- Scale model of Achille, sister ship of French ship Scipion (1790), on display at the Musée national de la Marine in Paris.

History

France
- Name: Scipion
- Namesake: Scipio Africanus
- Ordered: 19 October 1787
- Builder: Toulon
- Laid down: 1789
- Launched: 30 July 1790
- Decommissioned: 1793
- Fate: Burnt 28 November 1793

General characteristics
- Class & type: Téméraire-class ship of the line
- Displacement: 3,069 tonneaux
- Tons burthen: 1,537 port tonneaux
- Length: 55.87 m (183 ft 4 in)
- Beam: 14.46 m (47 ft 5 in)
- Draught: 7.15 m (23.5 ft)
- Depth of hold: 7.15 m (23 ft 5 in)
- Sail plan: Full-rigged ship
- Crew: 705
- Armament: 74 guns:; Lower gun deck: 28 × 36 pdr guns; Upper gun deck: 30 × 18 pdr guns; Forecastle and Quarterdeck: 16 × 8 pdr guns;

= French ship Scipion (1790) =

Ship of the line of the French Navy

Scipion was a 74-gun built for the French Navy during the 1780s.

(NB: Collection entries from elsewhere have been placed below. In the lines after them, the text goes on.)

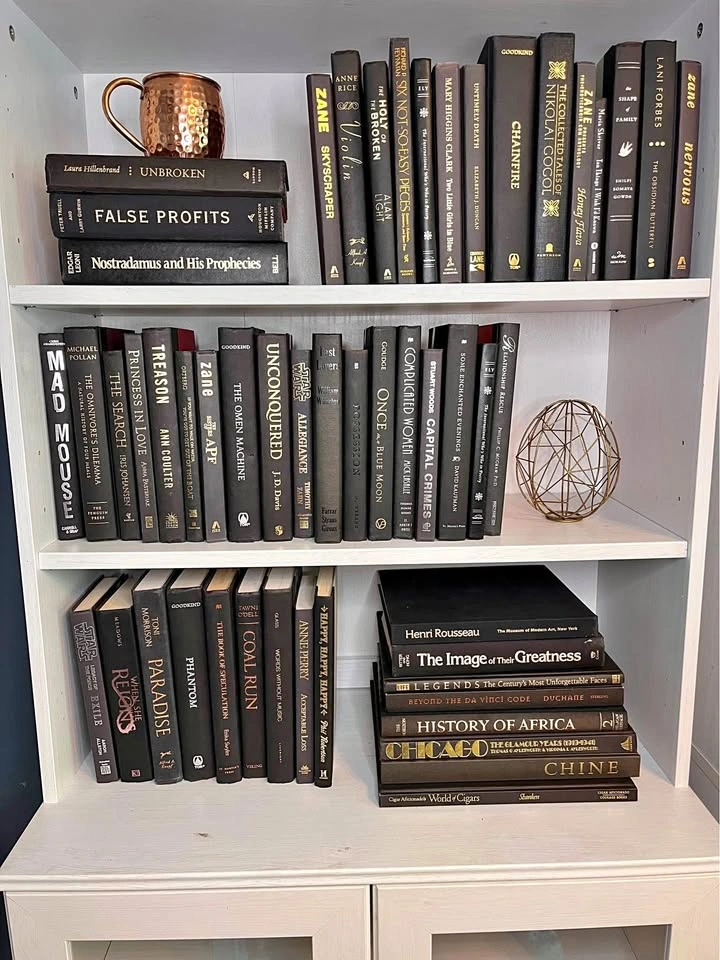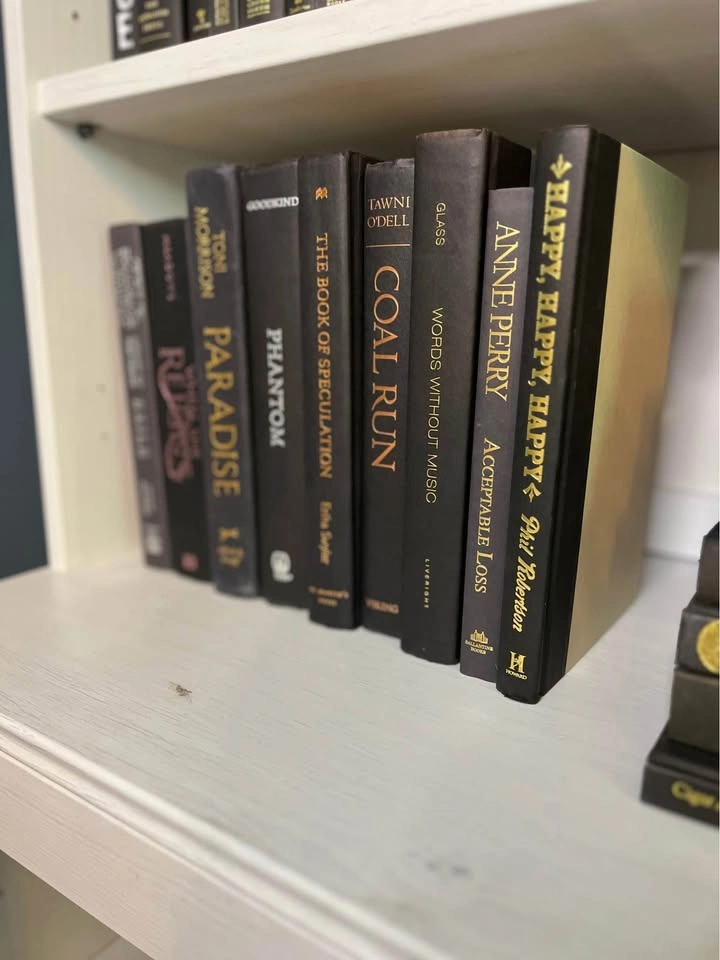 65Black spine books sold in bulk for shelf decor. $30 per linear foot (books standing upright). Photo is an example and not necessarily the same titles currently available. All titles are English with varying color font. White available for $40/foot. 10% discount for bulk orders of 5 feet or more. Coffee table size (10” tall +) available for $5/book. *See bottom right stack for example. Pick up in southeast Aurora 60503. Delivery available within 10 miles for additional fee.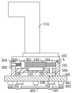 5.如权利要求2所述的提升机用旋转底座,其特征在于:所述固定装置(400)包括均匀间隔设置在所述底板(100)底部的四个伸缩电机(401),所述伸缩电机(401)的下端连接固定环(402)。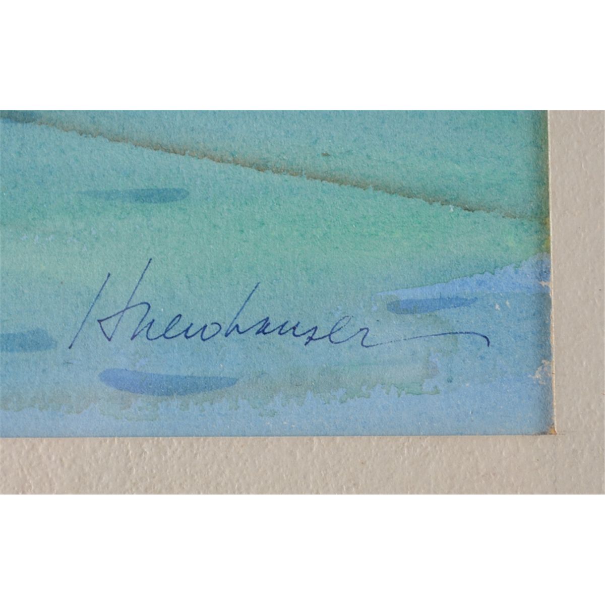 One finely painted to depict a mountain scene with figures riding horses. The other finely painted to depict a mountain stream scen with figures on a large rock. Both signed in LR, matted, framed behind glass and in wood frames. 24.5" H x 28.25" W, including the frame. Circa 20th century. Private collection Oxford, MI.

Completed in 1790, she played a minor role in the French Revolutionary Wars.

==Description==
The Téméraire-class ships had a length of 55.87 m, a beam of 14.46 m and a depth of hold of 7.15 m. The ships displaced 3,069 tonneaux and had a mean draught of 7.15 m. They had a tonnage of 1,537 port tonneaux. Their crew numbered 705 officers and ratings during wartime. They were fitted with three masts and ship rigged.

The muzzle-loading, smoothbore armament of the Téméraire class consisted of twenty-eight 36-pounder long guns on the lower gun deck, thirty 18-pounder long guns and thirty 18-pounder long guns on the upper gun deck. On the quarterdeck and forecastle were a total of sixteen 8-pounder long guns. Beginning with the ships completed after 1787, the armament of the Téméraires began to change with the addition of four 36-pounder obusiers on the poop deck (dunette). Some ships had instead twenty 8-pounders.

== Construction and career ==
Scipion was ordered on 19 October 1787 and laid down at the Arsenal de Toulon in 1789. The ship was launched on 30 July 1790 and completed in November.
In 1792, Scipion took part in operations against Nice, Villefranche and Oneille. In December, she joined the division under Admiral Latouche Tréville, and assisted the damaged Languedoc during the storm of 21 to 23 of that month. Captured by the British after Toulon was surrendered by Royalist sympathisers, she was commissioned with a crew of French rebels. On 28 November 1793, she caught fire by accident in the harbour of Livorno and exploded, killing 86 including her commanding officer, Captain Degoy.